Hast du nach der Aktivierung der Extension auch deinen Webserver neugestartet?
Was sagt [phpf]phpinfo[/phpf]? Ist die Extension aktiv?
Gibt es vielleicht mehr als eine php.ini auf deinem Rechner und du hast die falsche bearbeitet?


----------



## Darkhell (30. Dezember 2007)

Das hab ich schon alles durchgecheckt - nichts.

//edit: Moment mal: Woran erkenne ich, in phpinfo(); dass die extension aktiv ist?


----------



## Flex (30. Dezember 2007)

Darkhell hat gesagt.:


> Das hab ich schon alles durchgecheckt - nichts.
> 
> //edit: Moment mal: Woran erkenne ich, in phpinfo(); dass die extension aktiv ist?



Eintrag aus der php.ini auskommentiert, Apache neugestartet und Extension läuft.
Bei phpinfo sollte dann ein Eintrag für id3 kommen, das ungefähr so aussieht:
id3 support	enabled
Supported versions 	v1.0, v1.1, v2.2+ (partly)

Benutzt du XAMPP? Oder läuft das ganze unter Linux?


----------



## Dr Dau (1. Januar 2008)

Da er ja eine *.dll eingebunden hat, dürfte er wohl Windows benutzen. 
Abgesehen davon gibt es XAMPP nicht nur für Windows.

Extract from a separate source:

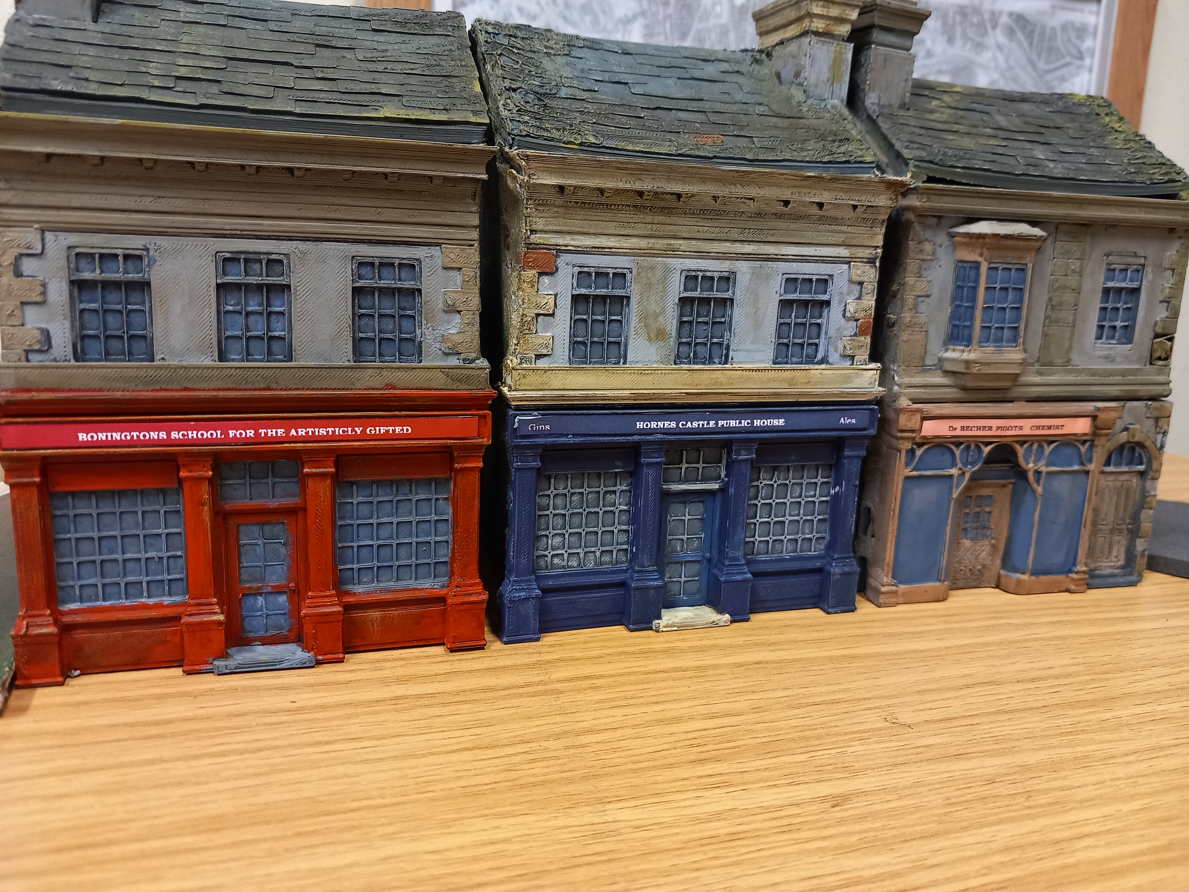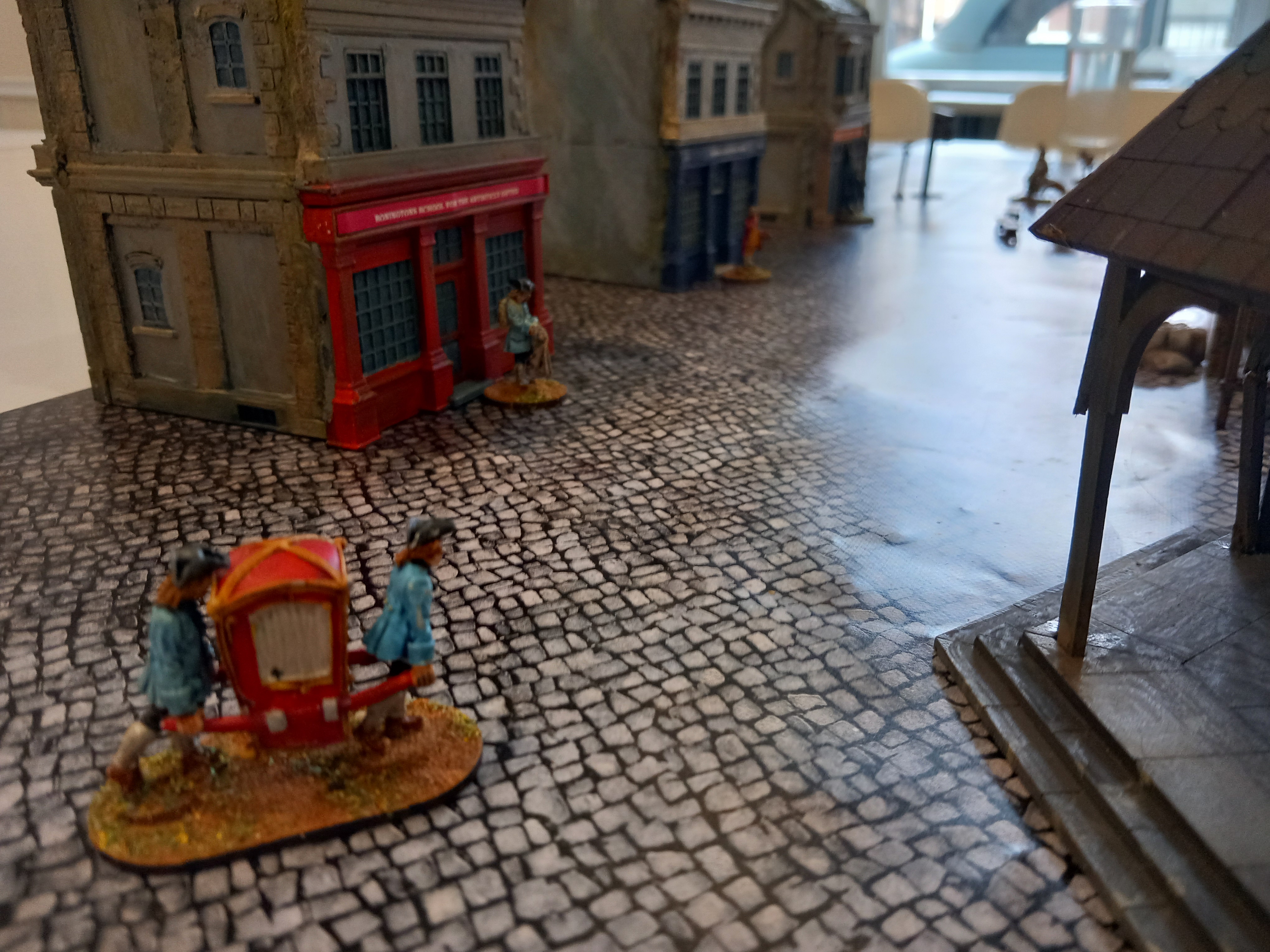 I need three buildings on one edge of my board do I took these from my collection and added some signage. Each sign is from something in Nottinghams history. Gaoler Bonington quit being a gaoler and opened a school and became an artist. Dr pigot was friends with byron and as an older man became hhe mayor and magistrate. He was arrested at ghe age of 70 when he pulled a gun on two bailiffs who entered his house. He counter prosecuted because they subdued him by hitting him with a poker. The case was dropped. Horses castle was a pub named after a Georgian bigamist and murderer.Revisiting the Cheese Riot

Da ja so ziemlich jeder Windowsuser XAMPP installiert, vermute ich es bei dir auch mal.
XAMPP hat mehrere php.ini.
Der Fatal-Error spricht stark dafür dass Du die falsche php.ini angepasst hast.
Welche die richtige ist, verrät dir phpinfo().
Denke aber daran dass wenn Du den PHP-Switcher verwendest, auch die anderen php.ini entsprechend anpassen musst (wenn dir dort auch die ID3 Funktionen zur Verfügung stehen sollen.


----------



## spikaner (2. Januar 2008)

Notfalls anders probieren...
http://phpmagazin.de/itr/online_artikel/psecom,id,660,nodeid,62.html#top sollte auch weiterhelfen...

mfg Spikaner


----------